Se Geraldo Garbi tiver hombridade, quero vê-lo comprovar a viciação preconceituosa do meu trabalho diante deste argumento: Norberto Odebrecht, Andrade Gutierrez, Mendes Jr., Constran, C.R. Almeida, OAS, Furnas, Petrobrás são algumas (realço: apenas algumas) das poderosas empresas, sem vínculos com as Organizações Globo, que tiveram negócios gigantescos, muito maiores do que o equipamento de telefonia celular de São Paulo, sustados por revelações, aqui, das suas irregularidades. Homem de negócios, e que negócios, da telefonia, Gilberto Garbi sabe que, no seu próprio setor, concorrência anterior da mesma Telesp teve que ser cancelada, e reformuladas as condições do edital, em razão do que aqui foi publicado – e a vencedora era a Ericson, a maior concorrente da NEC. O preconceito, pois, não é meu, mas de Gilberto Garbi contra mim.

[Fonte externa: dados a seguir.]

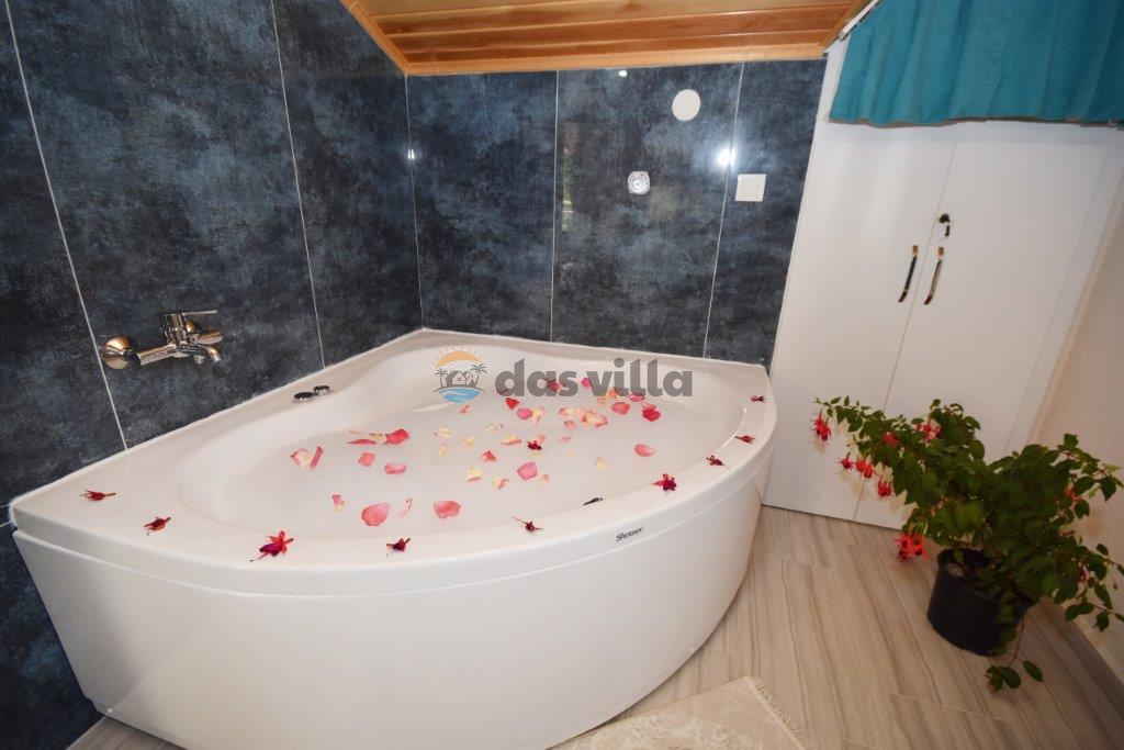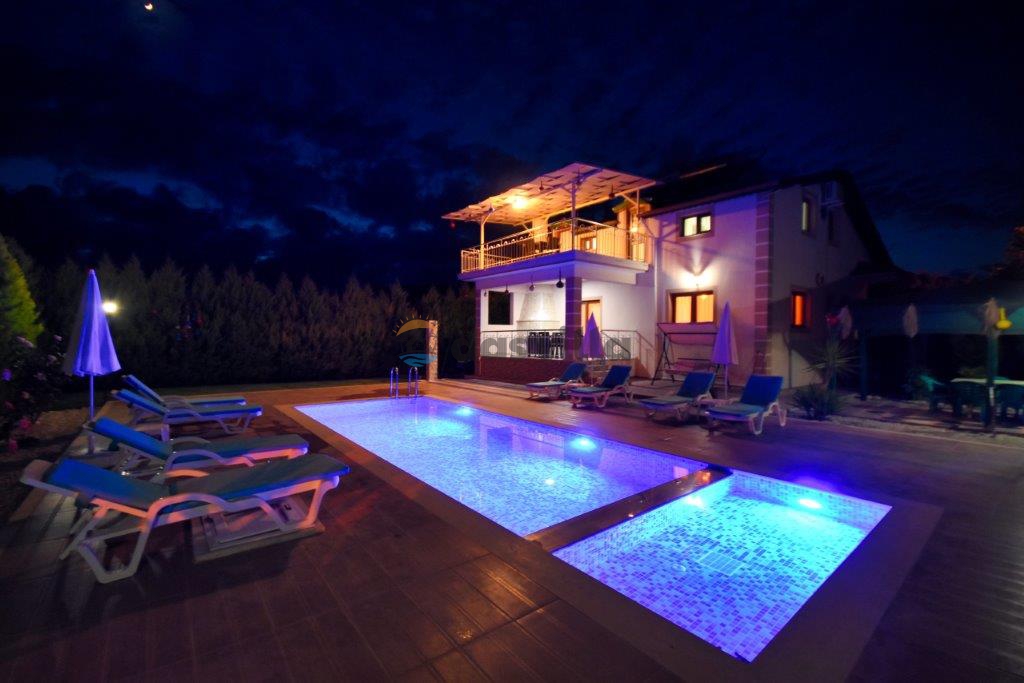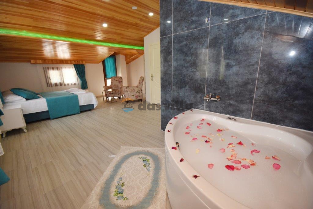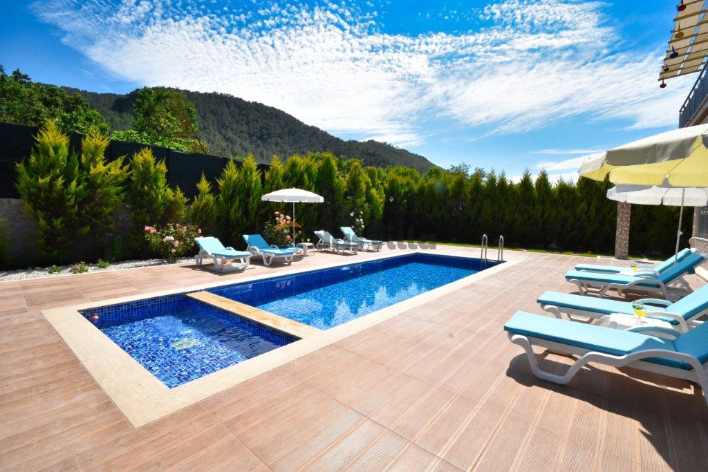 Villa Ahududu is a private rental villa with 4 bedrooms and a capacity of 7 people with a large garden area in Fethiye Kayaköy. Our conservative villa located in nature can be an ideal choice for large families and groups of friends. There is also a children's pool on the large pool terrace of our villa. We are waiting for our valued guests in our modern villa with full equipment where you can have fun with your family in the large garden area and pool terrace.
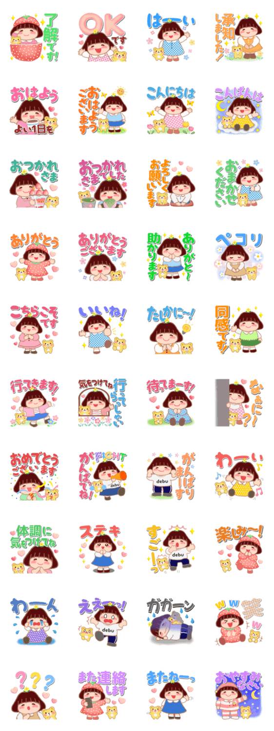 大きめの文字で見やすいちょっと太めの女の子「でぶりん」のスタンプです。
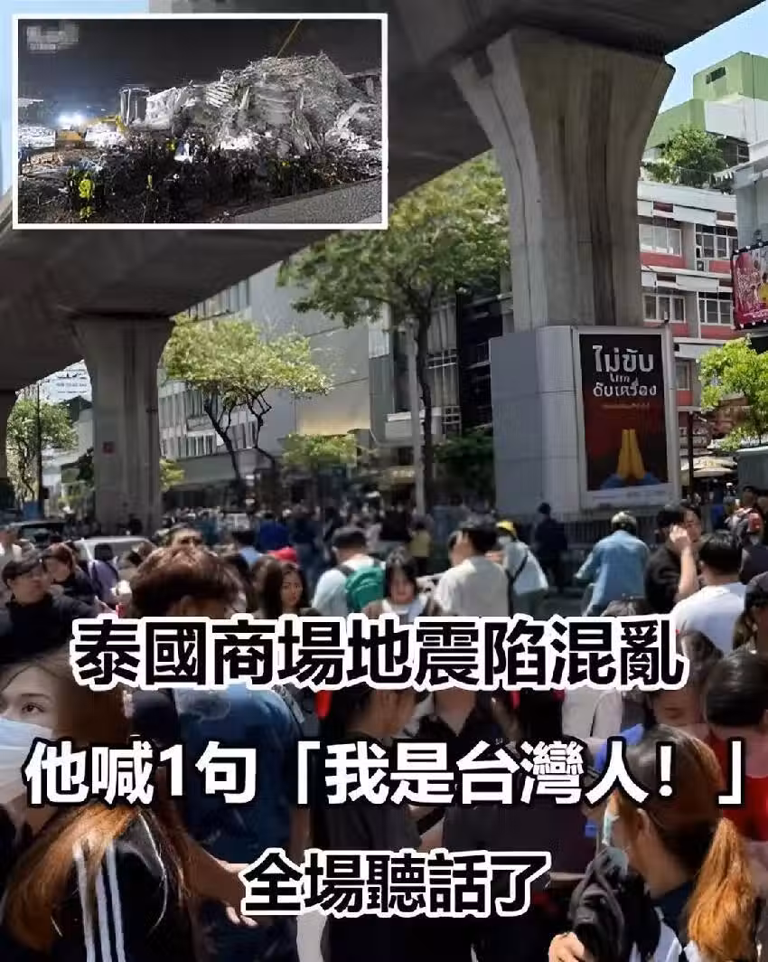 而此次地震當下,泰國大批人逃亡,吵雜之中卻出現一句「我們是台灣人!」當下瞬間安靜,乖乖聽話找掩護。
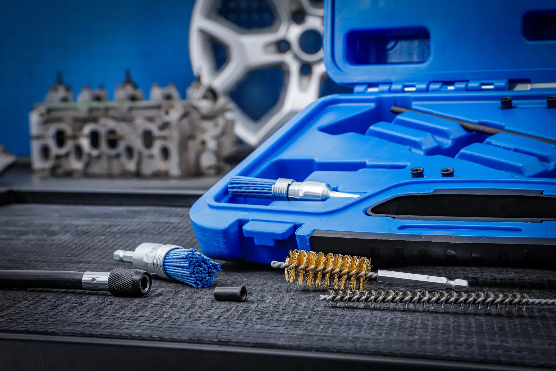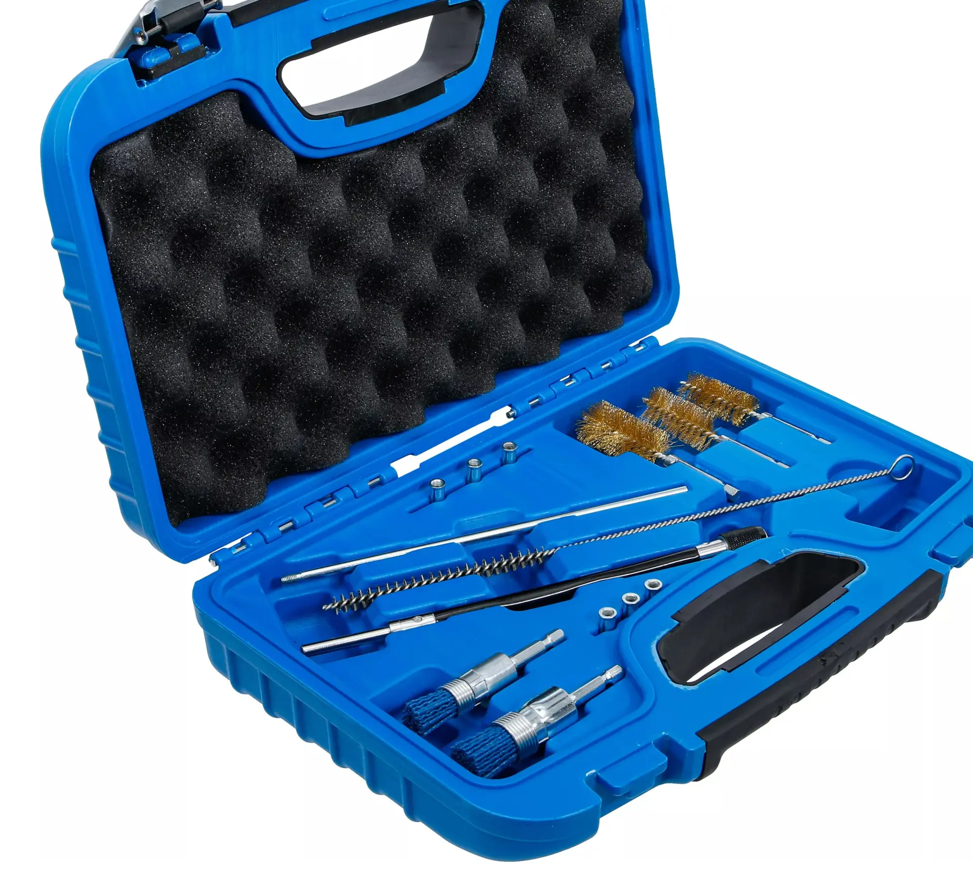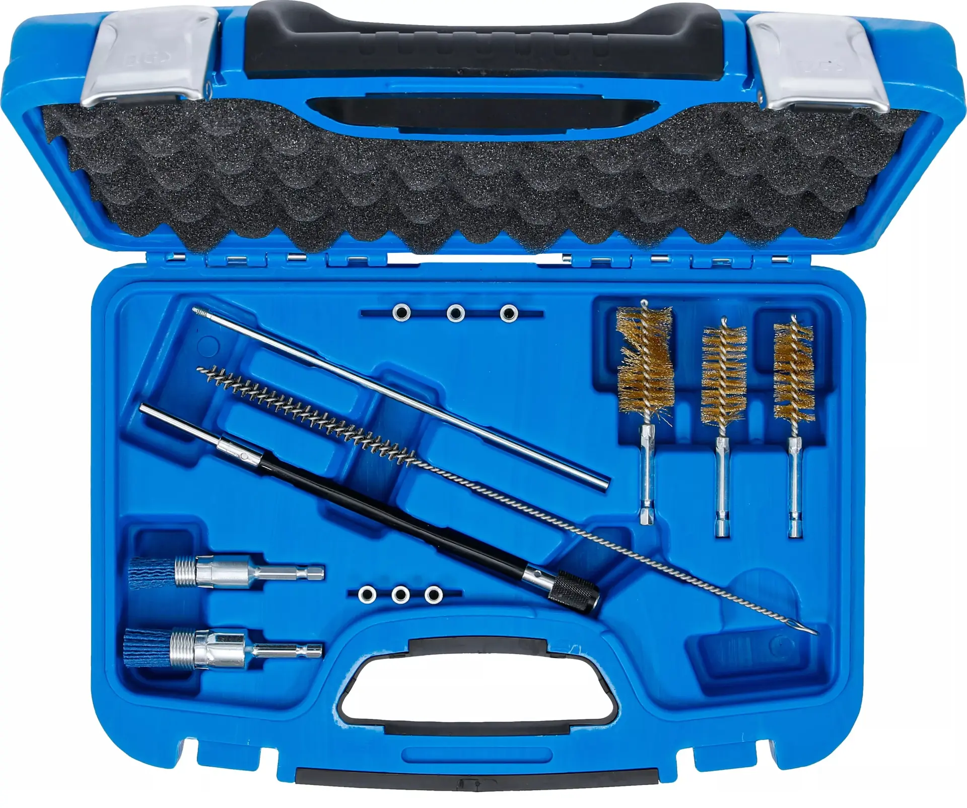 Sada nářadí BGS109324 umožňuje efektivní čištění šachet a sedel vstřikovačů, obsahuje různé kartáče a adaptéry pro přesné odstranění usazenin. Vhodné pro běžné typy motorů.
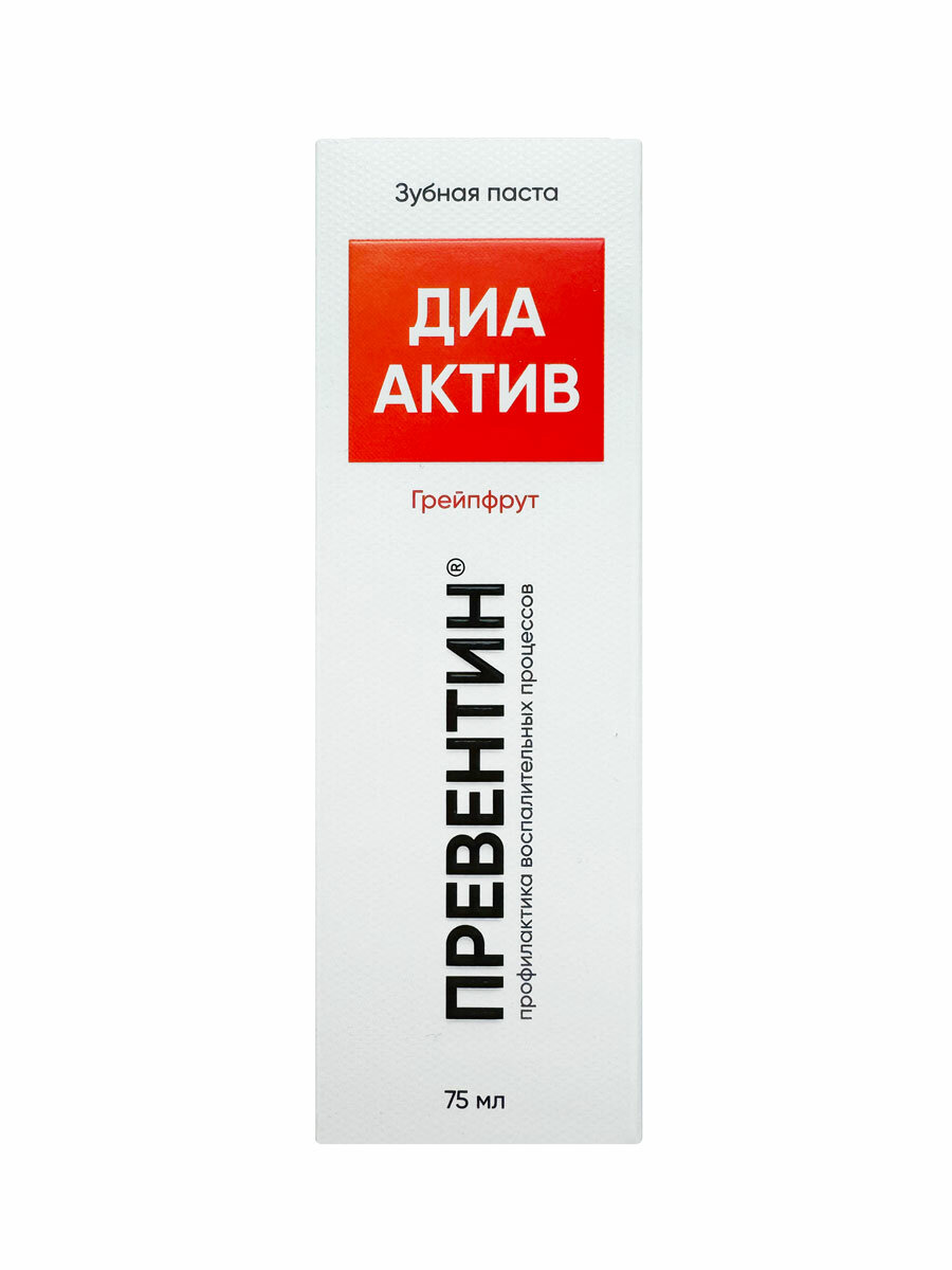Зубная паста Превентин ДИА Актив профилактика воспалительных процессов, грейпфрут, 75 мл интересное:
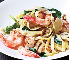 Add shrimp and spinach to your fettuccine, cut down on salt, oil and butter to make a healthy version of this wonderful dish.
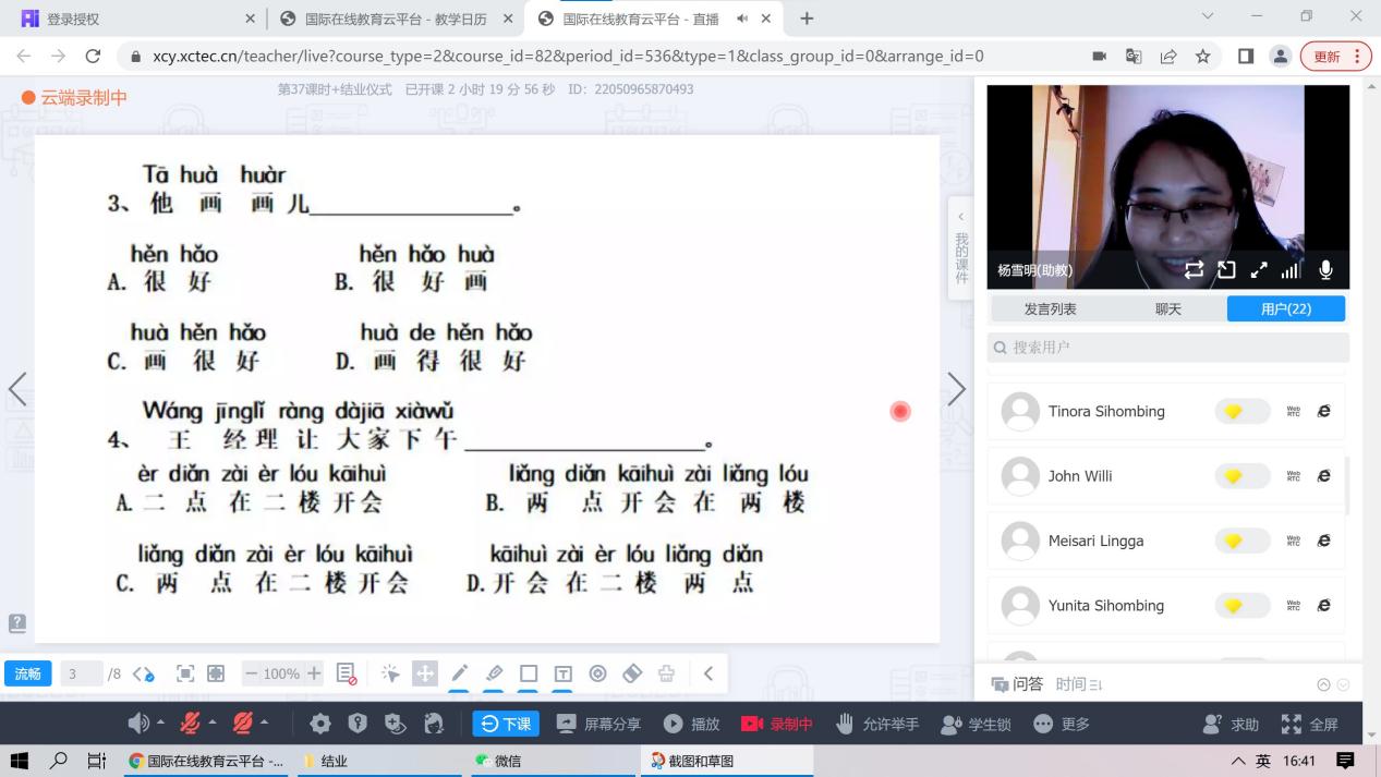 達瑞礦業有限公司中文培訓班開班于2021年11月29日,為期18周。此次培訓,是中國“一帶一路”職業教育合作項目中的一部分,也是我校“中文+職業技能”教育實踐與研究基地的重要任務。培訓項目得到了中國教育部中外語言交流合作中心、北京市政府的大力支持。此次線上中文+職業技能培訓項目是一次新的嘗試,促進了中國與印尼交流和文化融合。不僅提升了受訓學員的中文水平,也增進了學員們對于中國文化的認同和了解,得到了學員們、企業領導們的一致好評。

Se tal preconceito não fosse de má-fé, a má-fé se torna crua no parágrafo seguinte de Garbi, quando investe também sobre outros jornalistas ao dizer que "nem uma só palavra foi publicada sobre o fato de termos comprovado o domínio da tecnologia contestada". Primeiro, é mentira a inexistência da publicação, que na Folha mereceu até foto. Além disso, o edital exigia o domínio da "tecnologia contestada na época da concorrência e não na inauguração da telefonia celular, quando a NEC fez a alegada comprovação. A "contestação" referida por Garbi foi feita por mim na época da concorrência e comprovada por promessas publicadas pela da NEC, de vir a pesquisar e adotar a tecnologia nos meses posteriores à sua contratação pela Telesp. Mas o edital exigia a comprovação anterior e Garbi, no artigo, mente ao dar a entender que isto aconteceu.
"Armados de veículos poderosos", diz Garbi, "jornalistas sentem-se acima do bem e do mal". Como Garbi conclui do seu íntimo contato nas Organizações Globo, jornalistas se sentem assim –mas quem está acima do bem e do mal são empresários inescrupulosos, os que conquistam concorrências com fraudulências.